> _WHAT TO DO_
Only the pictures are to be omitted; everything else in the listing must be reproduced exactly.
[[ GIVEN MATERIAL open ]]
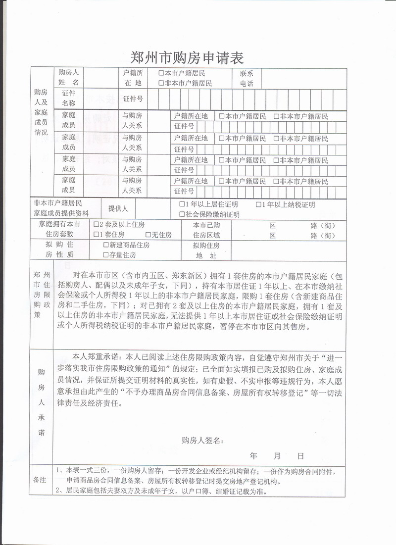 鄭州市住房限購期間購房申請表
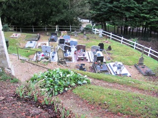 Petit cimetière s’étageant en terrasses à partir de l’église, dans le cadre isolé d’un village à l’habitat dispersé. Rien à signaler.
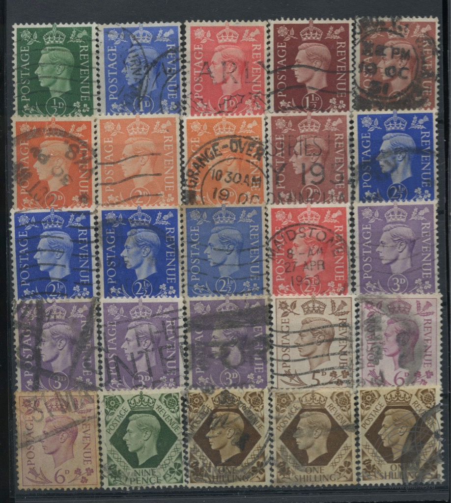 Лот почтовых марок. 1930-е. Великобритания. Личности. Персоналии. Король Георг VI. Разновидности. Гашёные. Отличное состояние. 25 шт
[[ GIVEN MATERIAL closed ]]
> _FINISHED EXERCISE_
 鄭州市住房限購期間購房申請表
 Petit cimetière s’étageant en terrasses à partir de l’église, dans le cadre isolé d’un village à l’habitat dispersé. Rien à signaler.
 Лот почтовых марок. 1930-е. Великобритания. Личности. Персоналии. Король Георг VI. Разновидности. Гашёные. Отличное состояние. 25 шт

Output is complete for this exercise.